Scaling up New York’s solar and wind energy 

One of the big differences between California and New York is in the scale of their respective needs to manage DERs in the first place. California leads the country in rooftop PV, electric vehicles and behind-the-meter batteries, which lends an urgency to its efforts to manage them more effectively. 

New York lags pretty far behind in terms of solar, though it’s trying to catch up. The state’s big solar announcement last month was that it hit an 800 percent growth rate from 2011 to 2016, to reach 744 megawatts as of December. That represents $1.5 billion in private investment into the industry, according to Gov. Andrew Cuomo’s office -- but it’s less than one-third of the way to the 3,000 megawatts of solar PV statewide by 2023 called for in the state’s $1 billion NY-Sun initiative. 

New York also has a growing amount of wind power, but it can't match Midwest states in terms of potential -- at least, not on land. Last week, Norway's Statoil formally received its $42 million lease for the rights to develop a wind farm on an 80,000-acre offshore parcel off of Long Island. That’s big enough to accommodate some 800 megawatts' worth of wind turbines, and the first step in Gov. Andrew Cuomo’s goal of 2.4 gigawatts of offshore wind by the middle of next decade -- although it’s going to cost a lot more than $42 million to develop.

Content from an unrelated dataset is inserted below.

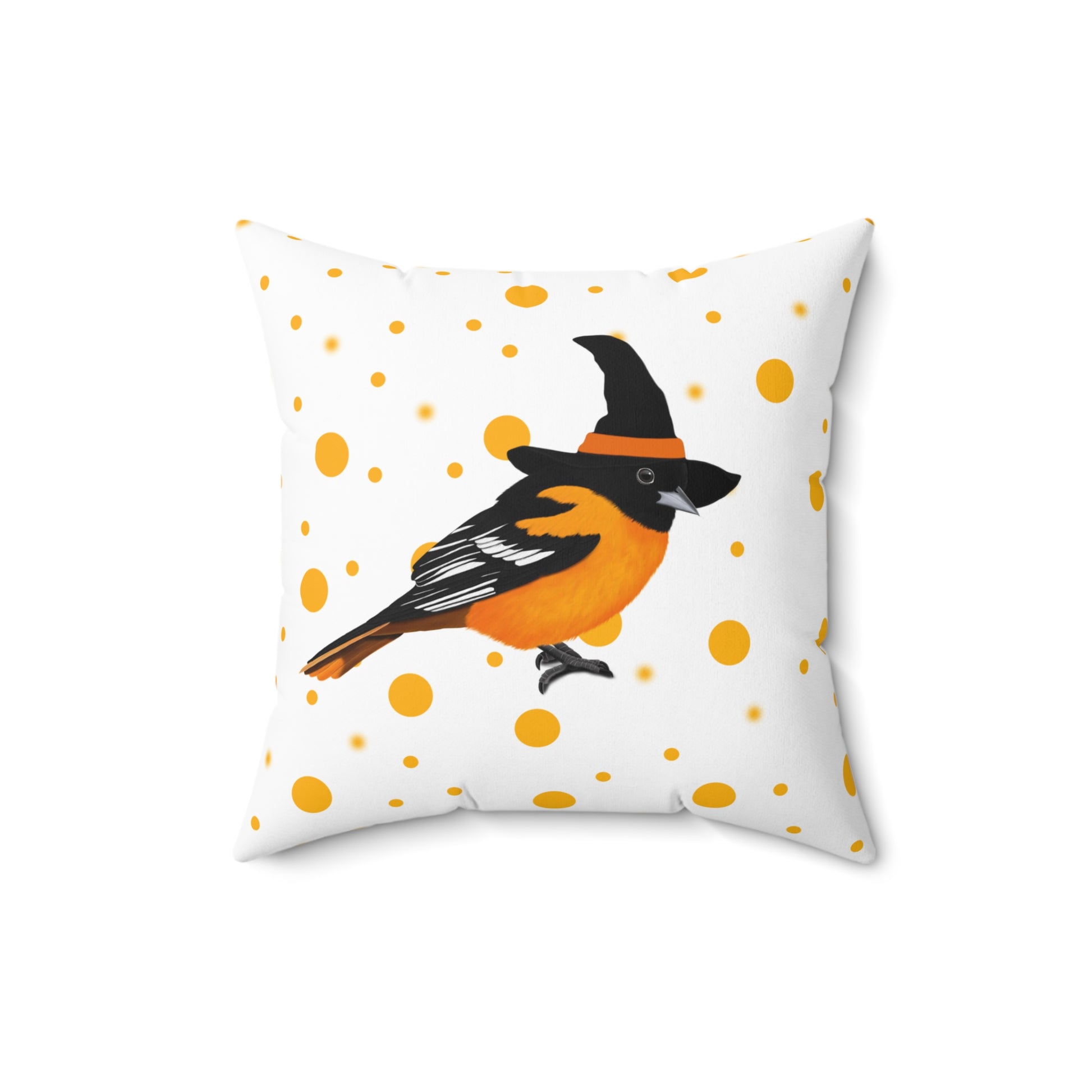 Baltimore Oriole Halloween Bird Throw Pillow White 16"x16" Orange Dots

The latest from NYSERDA on microgrids, EVs and energy storage 

The New York State Energy Research and Development Authority is the main sponsor of clean energy and grid edge projects in the state, and it has had a typically busy month. This week, it announced $11 million in awards for community microgrid development, part of a long-running study-and-design phase of a process meant eventually to provide communities and critical facilities with the generation, storage and control technology they need to keep the power on during the next Superstorm Sandy. 

On the EV front, the state launched a $70 million rebate program that will provide up to $2,000 for purchase of a hybrid electric, all-electric or hydrogen fuel cell car, and pledged to deploy 450 charging stations across the state, including Rochester, Syracuse, Buffalo, Utica, Albany, the Hudson Valley, Westchester County, New York City and Long Island.

Finally, it’s worth noting that energy storage got a last-gasp boost from Zibelman, one of REV’s key architects, who has left the PSC to join Australia's grid operator. Zibelman inserted into the DSIP order a requirement for the state’s utilities to conduct two energy storage pilots by 2018. Departing commissioners tend to enshrine their last wishes in the form of pilot projects, as California Public Utilities Commissioner Mike Florio did with his IDER proceeding in December. 

It’s not clear, however, that pilots are what New York needs to open up its energy storage market. The state has plenty of them already underway. Instead, industry watchers are waiting for clarity on how batteries will fit into the REV formula. This month's Value of Distributed Energy Resources ruling gave some guidance that energy storage systems will be considered eligible for its new distributed energy values -- but only when paired with other eligible devices like solar. Standalone storage has been relegated to future study. 

Meanwhile, New York may be the first city to set an energy storage mandate -- 100 megawatt-hours by 2020. But it faces a fire department that is uniquely concerned about lithium-ion batteries catching fire in dense urban environments, a stance that has delayed projects in ways we haven't yet seen in California -- at least, not yet.